Thursday, May 14, 2009

Despite Embargo, Cuba Imports Daiquiri Mix from USA

Posted on 5:49 PM by Unknown
The AP published a story this evening entitled "Despite embargo, Cuba imports daiquiris from US" describing the types of products sold from the U.S. pursuant to the "agricultural waiver" of the U.S. embargo on Cuba. The story's lede states: "Jugs of daiquiri mix. Gourmet nuts. Rolls of newsprint. Not exactly humanitarian aid, but still among the items sold to Cuba under an agricultural waiver carved out of the decades-old U.S. trade embargo."



While the article notes that large quantities of grain, chicken and other food products are sold by U.S. companies to Cuba, the article also states that the "the waiver is so broad that it includes beer, soda and a host of inedible items such as beauty products, artwork, utility poles, kitchen cabinets and Alabama newsprint."



This article is not entirely correct when it implies that so-called "luxury" food or some of the inedible items are not eligible to be sold to Cuba under U.S. law. The article also contains some other inaccurate information regarding the types of products eligible for the so-called "agricultural waiver." In addition, as discussed below, any bartender would know that the article's headline is missing a key word.



First a little history. The so-called "agricultural waiver" of the Cuba embargo is not unique to the U.S. sanctions on Cuba and dates back to a January 5, 1999 announcement by President Clinton that the U.S. would initiate certain actions to enhance support of the Cuban people to promote transition to democracy. Under President Clinton's initiative, the Department of Commerce's Bureau of Export Administration (as it was then known) was authorized to approve, on a case-by-case basis, applications for exports of food and certain agricultural commodities for sale to independent non-governmental entities in Cuba.



President Clinton subsequently announced in April 1999 that the U.S. would lift sanctions on commercial sales of most agricultural commodities and food products to Iran, Libya and Sudan since such products should not be used as a foreign policy tool and that medical and agricultural products would not be included in future sanctions programs imposed by President.



During the next two years, there were efforts underway in Congress to codify the Clinton Administration's policy and to extend the policy to Cuba.

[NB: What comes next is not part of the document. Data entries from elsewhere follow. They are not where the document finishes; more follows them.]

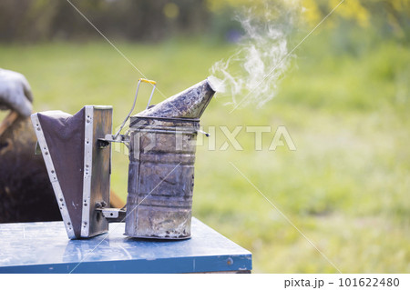 養蜂イメージ 巣箱の上に置かれた燻煙器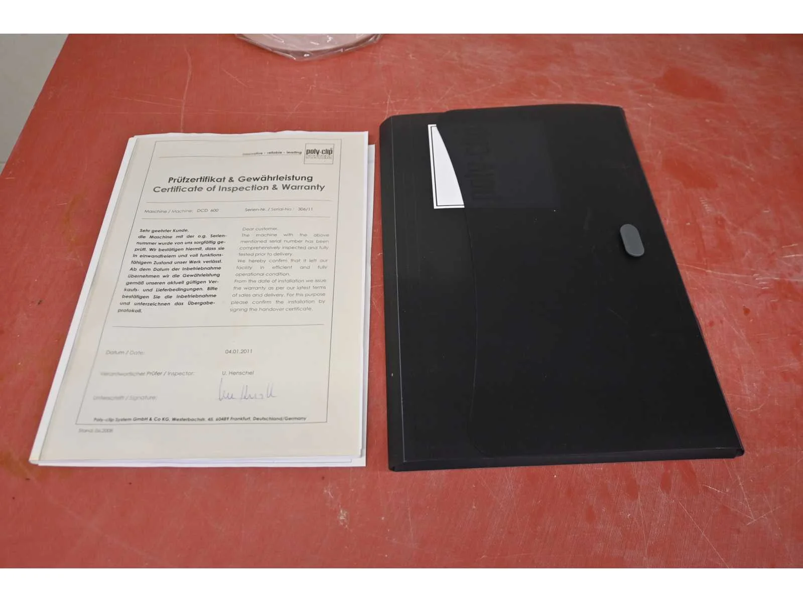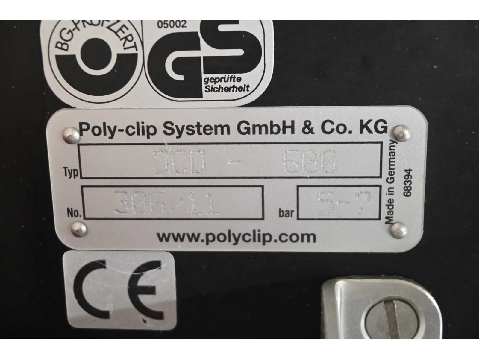 Pneumatisch. Merk: Poly-Clip Type: DCD 600 Bouwjaar: 2011 Serienummer: 306/11 Totale afmeting L: 450mm Totale afmeting Breedte: 600mm Totale afmeting Hoogte: 1000mm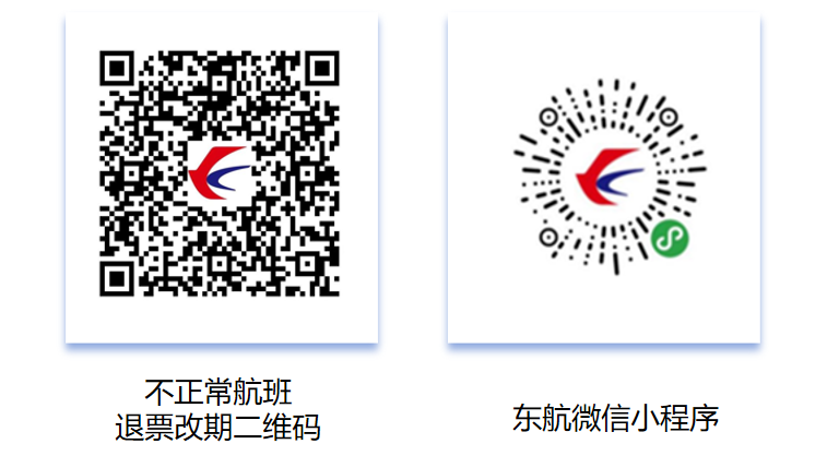 温馨提醒:您可登录东航官网(www.ceair.com)、APP、微信服务号、小程序,或致电东航客服热线95530通过AI语音自助查询航班动态,如遇航班延误或取消,也可通过上述渠道免费办理机票退票或改期。客服热线话务繁忙时,建议您优先选择以下方式办理机票退改。请通过扫描以下二维码并参考二维码内图文指引进行相应操作: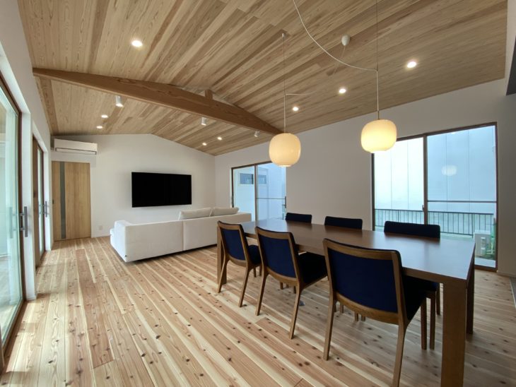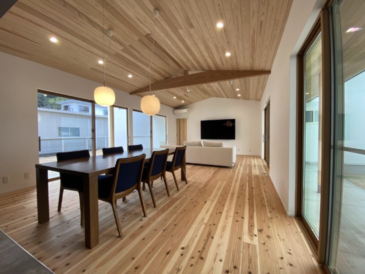 | 使用商材 | 屋根:ガルバリウム 床:無垢杉フローリング 天井:杉羽目板 窓:断熱サッシ |

For example, in June 1999, Representative George Nethercutt (R-WA) offered an amendment to the FY 2000 agriculture appropriations bill to “prohibit unilateral economic sanctions against a foreign government, lift current sanctions as they relate to agriculture and medical supplies, and provide for a national security waiver.” In August 1999, the ‘‘Food and Medicine for the World Act” was introduced in Senate as an amendment to the FY2000 agriculture appropriations bill. In March 2000, the Senate Foreign Relations Committee held a mark up of S. 1771, the ‘‘Food and Medicine for the World Act.’’ During the mark up, the name was changed to ‘‘Trade Sanctions Reform and Export Enhancement Act.’’

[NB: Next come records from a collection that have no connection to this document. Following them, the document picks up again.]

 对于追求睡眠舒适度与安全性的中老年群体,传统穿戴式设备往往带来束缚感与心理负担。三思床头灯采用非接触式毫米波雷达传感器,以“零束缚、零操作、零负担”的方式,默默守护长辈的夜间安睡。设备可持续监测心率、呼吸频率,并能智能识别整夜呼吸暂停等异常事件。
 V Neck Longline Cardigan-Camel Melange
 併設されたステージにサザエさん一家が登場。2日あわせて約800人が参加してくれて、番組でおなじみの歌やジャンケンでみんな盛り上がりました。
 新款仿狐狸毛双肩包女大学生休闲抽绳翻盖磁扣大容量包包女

In October 28, 2008, the Trade Sanctions Reform and Export Enhancement Act language was included in the FY 2001 appropriations bill for Agriculture, Rural Development, Food and Drug Administration, and Related Programs (Title IX of H.R. 5426) and ultimately became known as the Trade Sanctions Reform and Export Enhancement Act of 2000, commonly known as TSRA (Pub. Law 106-387). TSRA codified the lifting of U.S. sanctions on commercial sales of food, agricultural commodities, medicines and medical devices to Iran, Libya, North Korea and Sudan, and extended this policy to Cuba (sales of medicines and medical devices to Cuba were previously authorized by the Cuban Democracy Act of 1992). TSRA did not permit such exports to go unregulated, however, and required that such exports be made to licenses or license exceptions.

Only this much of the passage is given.